The real estate industry has criticised Prime Minister Tony Abbott's proposal to charge hefty fees for foreign buyers of residential property. Yesterday the PM announced plans to charge foreign investors who want to buy a residential property valued under $1 million a $5,000 application fee, plus an extra $10,000 for every additional million. Foreign investors found to be in breach of property investment laws could be forced to sell their properties for as little as 75 per cent of their value, while agents who help foreign investors breach rules could be fined $85,000, imprisoned for two years or both.

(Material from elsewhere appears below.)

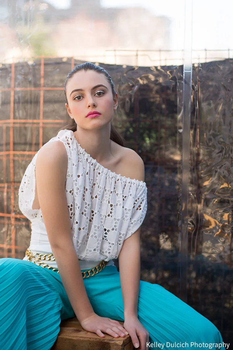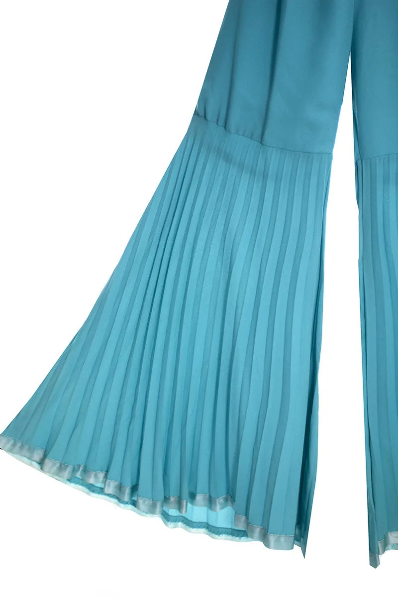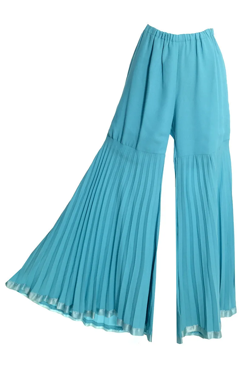 These are really fun vintage aqua blue pleated palazzo pants from the 1960s. These wide leg pants have an elastic waist and are fully lined. There is a satin ribbon trim at the bottom of the hem. Pants like these are great statement pieces to pair with simple tops and they are super comfortable to wear! We are showing the pants styled with an Anne Fontaine eyelet blouse that has sold, but they can be worn with a simple t-shirt, cropped top or blouse.

Abbott said the fees and fines will bring Australia into line with other countries like New Zealand, but were less punitive than regimes in Singapore and Hong Kong. "We are open to foreign investment but it's got to be foreign investment that is in our national interest," said Abbott. The federal government has asked the public to comment on a new options paper by March 20.

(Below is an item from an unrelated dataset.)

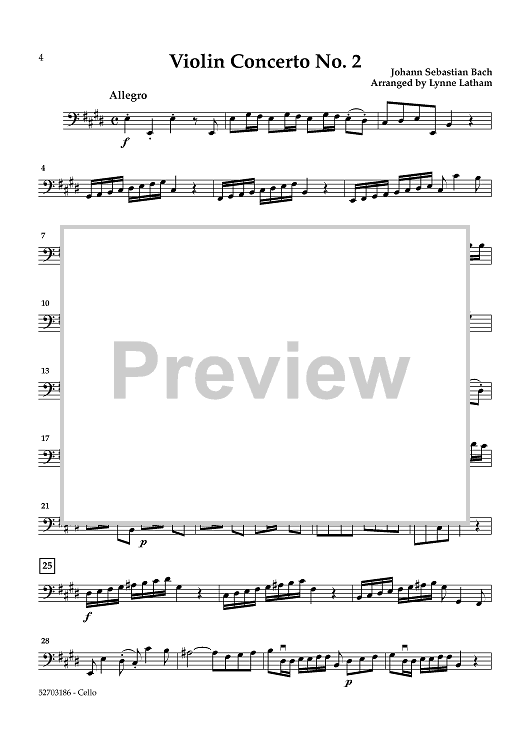 Digital Sheet Music for The Violin Concerti - Cello by Johann Sebastian Bach, Lynne Latham scored for String Quartet; id:463092

Greg Paramor, chairman of LJ Hooker, told The Real Estate Conversation he thought the proposed fees were bad policy. "It's poorly thought-through, and it's a knee-jerk reaction. It's just a stupid idea and everything coming out of Abbott's mouth at the moment is stupid. This is just Abbott banging around in a room desperately trying to find something to help him, but it's just bad policy."

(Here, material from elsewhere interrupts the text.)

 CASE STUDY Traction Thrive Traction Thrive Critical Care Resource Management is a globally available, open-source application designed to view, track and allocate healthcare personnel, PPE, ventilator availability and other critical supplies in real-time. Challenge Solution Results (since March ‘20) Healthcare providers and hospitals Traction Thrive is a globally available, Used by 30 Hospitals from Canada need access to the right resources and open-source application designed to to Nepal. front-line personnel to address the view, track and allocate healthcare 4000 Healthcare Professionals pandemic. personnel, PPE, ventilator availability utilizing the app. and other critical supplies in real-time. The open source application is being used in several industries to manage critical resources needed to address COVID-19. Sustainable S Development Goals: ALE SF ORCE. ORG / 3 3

The Property Council of Australia said it supports the enforcement of existing rules on foreign ownership, but thinks the application fees proposed are excessive. "Foreign investment, be it from the UK or China, underpins new residential housing supply in Australia," said council chief executive Ken Morrison, reports The Australian Financial Review.
Ray White Real Estate chairman Brian White said the proposed fees had the potential to "shock the market". "And no market appreciates or responds well to shocks. It has connotations back to the aborted vendors tax proposed by the NSW Treasurer Michael Egan that needed to be abandoned due to market response," he said.
CBRE residential projects chairman Justin Brown said the new taxes were counterproductive. "There is significant global evidence from recent times including Canada, Singapore and Hong Kong where these types of taxes on foreign investment have been totally counterproductive, caused significant corrections within the markets and harmed the construction industry," Brown said.
Meanwhile, former Liberal leader John Hewson says there may be a "jingoistic element" to the Abbott government's proposed new rules and fees, reports The Guardian. "It may help first-home buyers in the market for new apartments, where there has been a lot of foreign investor interest, it seems mostly to do with that, but I think there may be a jingoistic element to it, for the government to be seen to be doing something about foreign investment,” he said. “But how far can a country like Australia, totally dependent on foreign investment, afford to go down that path?"